Review Buku : Anak Bukan Kertas Kosong

abkk

Setelah vakum beberapa bulan, akhirnya bisa update blog lagi. Adalah Buku Anak Bukan Kertas Kosong karya Bukik yang memecah keheningan Blog ini. Sebenarnya Buku yang dikirim oleh Bukik sudah sampai 3 minggu yang lalu, namun deadline kantor dan liburan bulan madu menyebabkan review buku ini baru selesai hari ini.

Jujur saya terkejut membaca buku ini, karena hampir semua isinya bisa dibilang “daging” (padat ilmu,sedikit basa basi). Di awal buku ini, bukik sudah mengajak saya naik mesin waktu menuju masa depan. Melihat tantangan tantangan yang akan dihadapi anak anak kita pada zaman kreatif serta perubahan paradigma dalam berkarir. Pada zaman dulu ada tahapan tahapan yang harus dilalui anak secara berurutan yaitu : bermain, belajar, bekerja. Saat ini bermain, belajar, dan bekerja (berkarir) bisa dilakukan secara simultan sejak anak masih kecil. Pada titik inilah pengembangan bakat anak diperlukan untuk mempersiapkan anak menghadapi tantangan tantangan tersebut. Belum puas melihat masa depan, bukik sudah menyeret saya kembali ke masa lalu, menemui begawan pendidikan indonesia, Ki Hadjar Dewantara. Beliau memberi wejangan yang sangat berharga, antara lain

  1. “Setiap anak itu unik.” “Anak mempunyai kodratnya sendiri yang tidak bisa diubah oleh pendidik. “Pendidik hanya bisa mengarahkan tumbuh kembangnya kodrat tersebut”.
  2. “Pendidikan bukan menanamkan pengetahuan, tetapi menumbuhkan potensi anak.Pendidikan bukanlah mengubah beragam keistimewaan anak menjadi seragam melainkan menstimulasi anak untuk menjadi dirinya sendiri
  3. “Keluarga adalah pusat pendidikan.” “Pendidikan orangtua tidak tergantikan oleh sekolah, lembaga pendidkan” (di sini kadang saya merasa sedih)

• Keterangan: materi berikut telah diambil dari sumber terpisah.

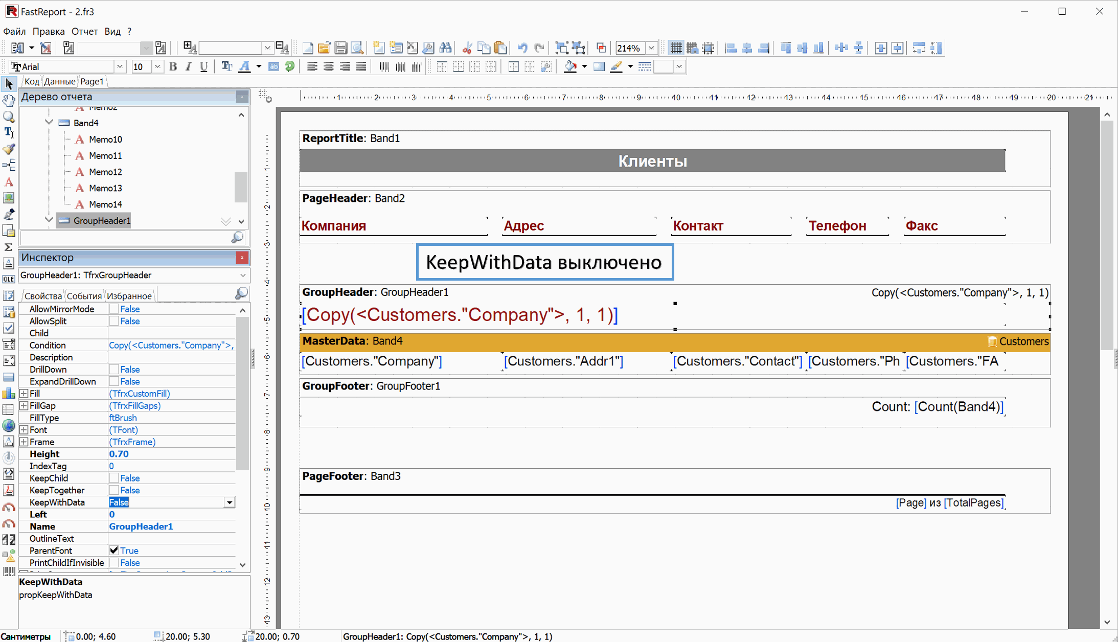 Теперь управлять бэндами отчета стало проще. У заголовков и подвалов групп появилось новое свойство KeepWithData. Оно указывает, что заголовок или подвал группы должны оставаться вместе с записью данных при переносе на новую страницу. Это свойство аналогично KeepHeader и KeepFooter, но работает с бэндами группы.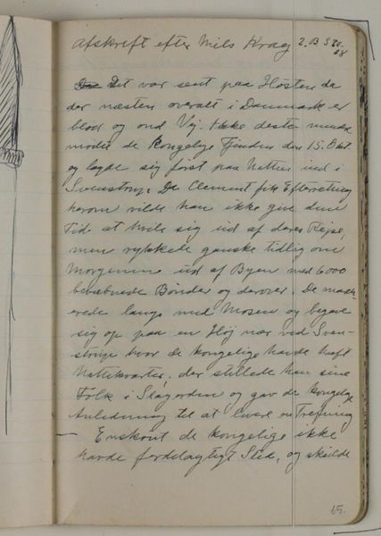 Curator: Here we have Niels Larsen Stevns's "Skitse af sværd, mål angivelser," dating from 1933-1934, a drawing rendered in ink and pencil on paper. Editor: Immediately striking is the sense of immediacy, the raw quality of the sketch. It feels like a glimpse into the artist’s process, a rapid transcription of an idea. Curator: The artist uses line with an intriguing degree of precision given its sketch-like nature. Notice how he employs hatching to create volume within the blades and how the script serves both a descriptive and compositional function. Editor: Yes, the presence of the handwritten notes gives the piece a unique intimacy. I’m particularly interested in how these notes might signify Stevns's concern with measure and proportion in relation to perhaps societal ideas about male prowess, "two men tall,” suggesting an almost mythical quality assigned to masculine power, perhaps even military might, during this period. Curator: I agree, there's a very interesting dynamic there. However, it’s just as interesting to consider the linear precision itself. Note how the line weight and density shifts in such a subtle, refined way to articulate form and depth. This speaks volumes about the artist's draughtsmanship. It is the intersection between description and analysis. Editor: And for me, that tension highlights the intersection between personal expression and historical context. Stevns was working during a period of significant social and political upheaval, and this sketch, seemingly a simple study of a sword, may implicitly comment on Denmark’s complex relationship with power and militarization during the interwar period. Curator: I find myself fascinated by the implied dimensionality within this two-dimensional space and the stark contrast it produces when rendered on paper. The artwork masterfully represents a form through an intense yet restricted palette. Editor: This small work, when viewed through its temporal and social lens, sparks significant inquiry concerning cultural conceptions of war, the male image, and the human proclivity for documenting conflict. Curator: Indeed, analyzing Stevns's sketchbook page allows us to appreciate his masterful articulation of form. Editor: And to understand how the tools of art may reflect power, ambition, and even apprehension about looming violence.

Ya, Ki Hadjar benar. Anak tidak bisa diperlakukan seragam. setiap anak memiliki minat dan cara belajarnya sendiri. Kalaupun sekolah saat ini belum bisa mengakomodasi keberagamn tersebut, paling tidak sebagai orangtua tidak menambah beban anak dengan memberi target pencapaian, KPI, atau apapun namanya yang tidak sesuai dengan minatnya yang nantinya justru membuat anak stress. Analogi sederhananya, tidak semua pemain bola cocok dilatih oleh Jose Mourinho ataupun Pep Guardiola.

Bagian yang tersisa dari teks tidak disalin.